Translating SPSS to R: One-way Repeated Measures
There’s just no two ways about this: R is just not all that well-configured for repeated measures. Most of the ways of handling repeated measures in R are cumbersome, and some of them just flat-out fail under certain conditions. It’s not a great situation.

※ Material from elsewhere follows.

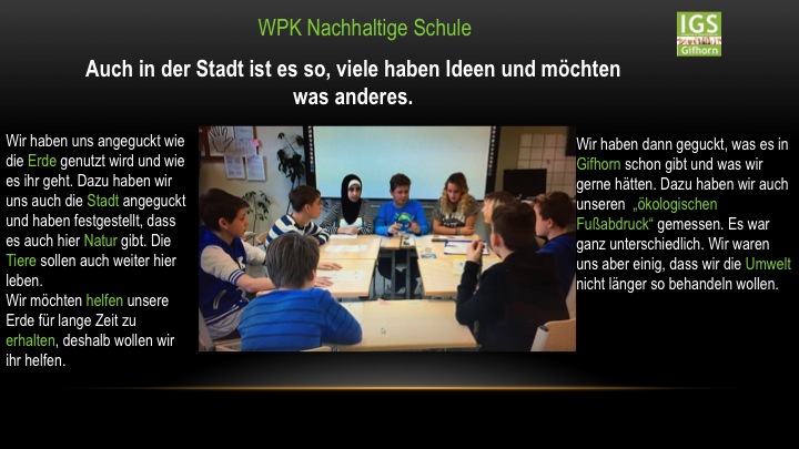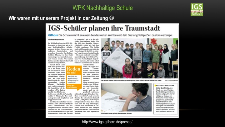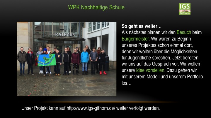 „Die Schülerinnen und Schüler präsentieren auf eindringliche Weise, wie sie sich an das Thema Nachhaltigkeit herangetastet haben. Im Vorfeld ermittelten sie dafür sogar ihren eigenen „ökologischer Fußabdruck“. Bei der Planung ihres Jugendtreffs orientieren sie sich stets an den zu Beginn festgelegten Zielen. Man spürt, dass die Jugendlichen mit Begeisterung hinter ihrem Projekt stehen. Ich wünsche ihnen viel Erfolg für ihr Treffen mit dem Bürgermeister der Stadt.“ (Prof. Dr. Undine Giseke, Fachgebietsleiterin landschaftsarchitektur.freiraumplanung (TU Berlin), Jurymitglied)
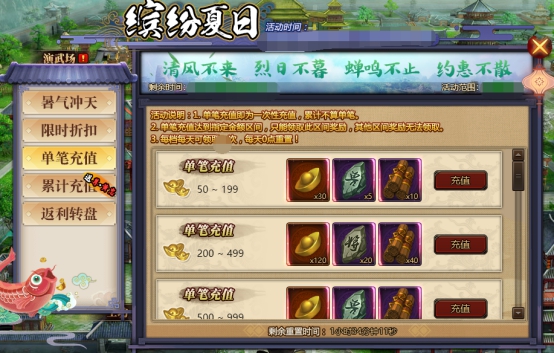 l 第四期:当日累计充值达到2000元宝,刷新一次折扣。

Generally speaking, people in the R community do not appear much concerned about this. The argument is usually that mixed linear models is a better way to go because it doesn’t require the same set of restrictive assumptions that repeated measures ANOVA requires. This is fundamentally an argument about sphericity (or, more technically, compound symmetry). If there were no downsides whatsoever to linear mixed models, I’d be OK with this, but it turns out there are some drawbacks that I’ll talk about in some later blog post. Furthermore, repeated measures ANOVA is still far more common in experimental psychology circles, and that’s where I run, so I not only need to be able to do them, I need to be able to teach new graduate students how to do them and how to understand them. R seems designed to make this particularly difficult. In general, R is more difficult to teach with than SPSS, but here’s where it gets particularly ugly.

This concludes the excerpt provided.